One explanation for this is that more people are participating in the labor force. There is a tendency to think of this as an unusual, temporary aberration, but it may plausibly be taken to mean that the hard times have driven a certain percentage of people who earlier didn't feel that they had to work to look for employment (retirees who have watched their investments vanish; members of households coping with the loss of income, etc.)-skewing the figures perhaps, but in a way that reflects the current difficulties.
Additionally, it is worth noting that the "official" (9.4 percent) figure does not include those working on an involuntary part-time basis, a category which did see a slight increase during May, and may also be reflected in the cutbacks in hours worked. The work week is down to 33.1 hours, the shortest it's been "since recordkeeping began in 1964." As Liz Wolgemuth of U.S. News & World Report notes,
cost-cutting employers may have slowed their job shedding but continued to slash their employees' hours. Indeed, more than half of employers surveyed last month by outplacement firm Challenger, Gray & Christmas reported using cost-containment strategies such as cutting salaries and wages, while a smaller percentage were cutting staff.This must be recognized as a different strategy, distributing the economic pain differently, rather than clear-cut proof things are getting better.

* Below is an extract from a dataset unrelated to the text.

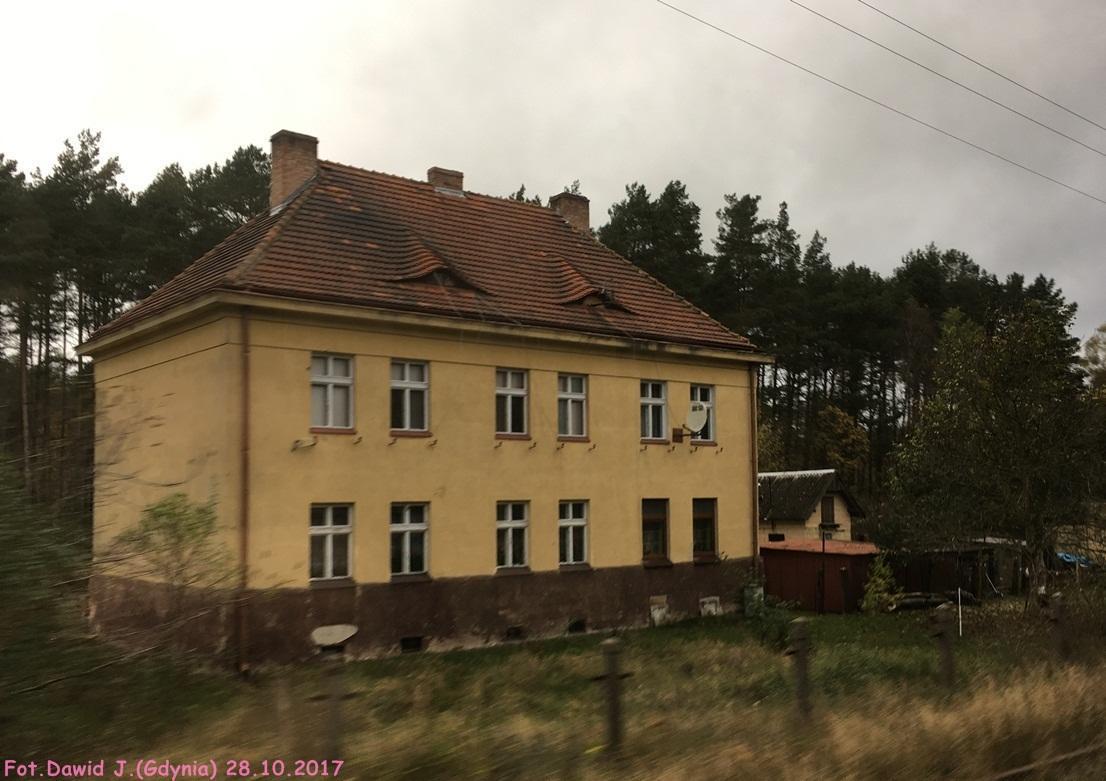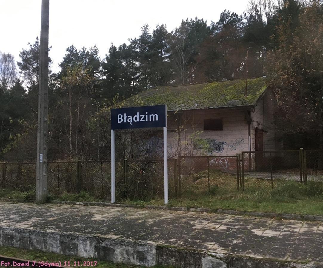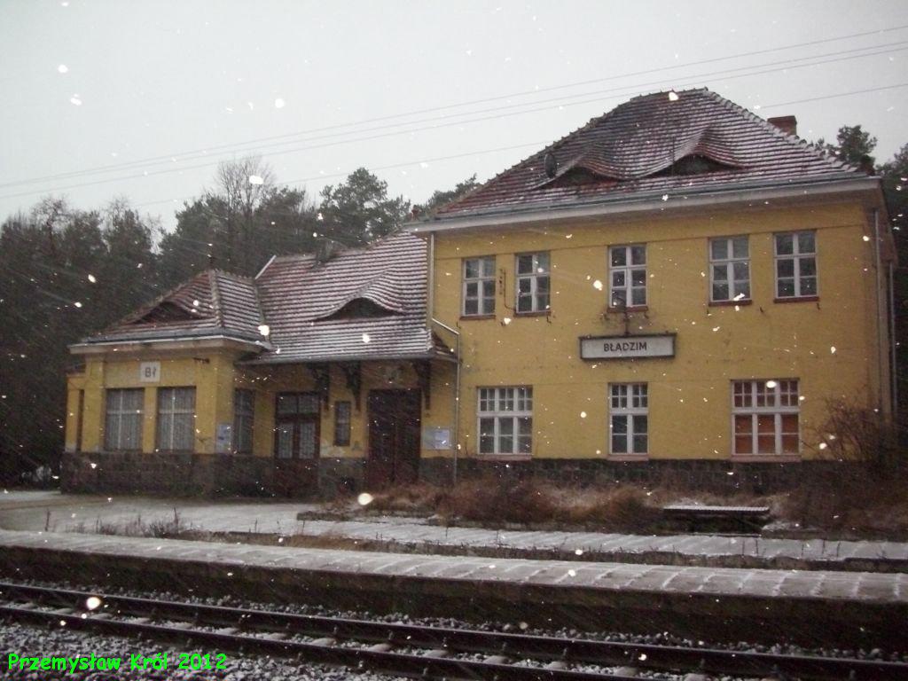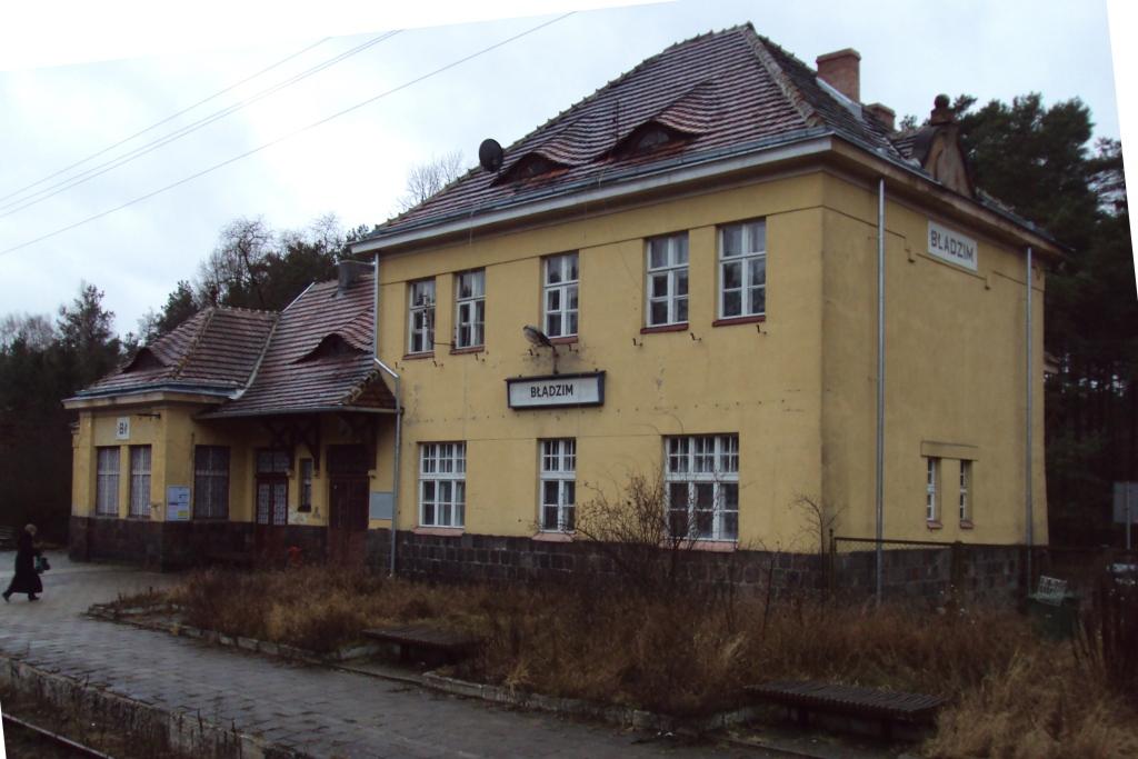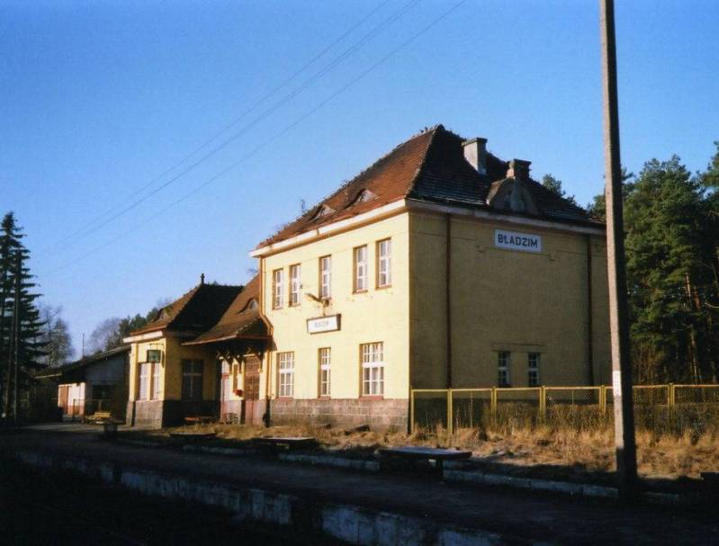 Kolejowy budynek mieszkalny (Błądzim 3) i pobliski budynek gospodarczy. Obiekty widoczne od strony torów. W lewo Maksymilianowo/Bydgoszcz Główna, w prawo Wierzchucin/Gdynia Główna.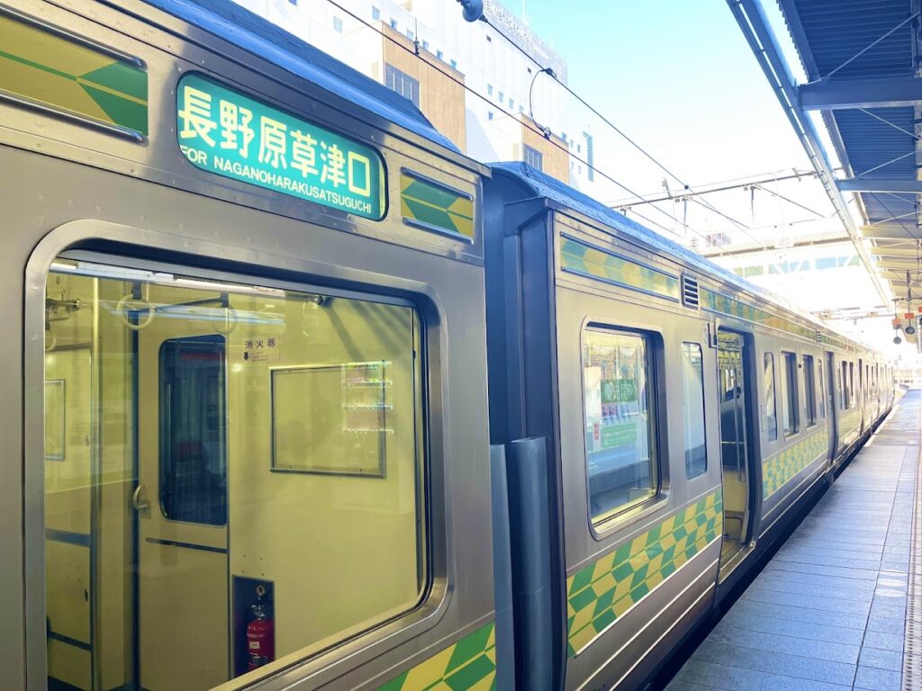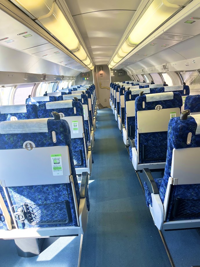 この日は、鈍行のグリーン車で向かいました。この写真は終点高崎駅近くのもの。終点近いからもう人がほとんど乗っていませんね。

While not related to the problem at hand, it is also worth noting that the steepest losses were in the sectors concerned with actually making things (particularly manufacturing, where 156,000 places were lost), whereas the sectors adding jobs were in services (health and government, particularly-with in the latter cases, federal employment seeing job losses, while education systems have done some hiring). Of course, this would seem to be a commonplace, manufacturing being more susceptible to such shocks, and quicker to let workers go, but given the long-term trend of U.S. deindustrialization this would seem to support Richard Moody's claim that the recession is creating a great deal of structural, rather than cyclical, unemployment.
Not inconsistent with such an outlook, James Galbraith recently predicted that not only will the official figure hit 10 percent, but that it will stay there for "a long time"-perhaps years (an assessment that brings to my mind the bleak picture projected for Ireland in the report by Ernst & Young I discussed last month).
Even the comparative optimists banking on a recovery in the third quarter of the year (July-September) expect the employment picture not to recover this year, improvements in the employment generally lagging recoveries (perhaps by up to a year in this case, according to one prediction).
My guess-looking at the collapse of business investment reported in last month's GDP data, and the data from earlier this week testifying to the weakness of consumption, is that while we may see some ups as well as downs in the months to come, the foundations of a really solid recovery have yet to be laid-and things could yet get worse than even Galbraith has speculated.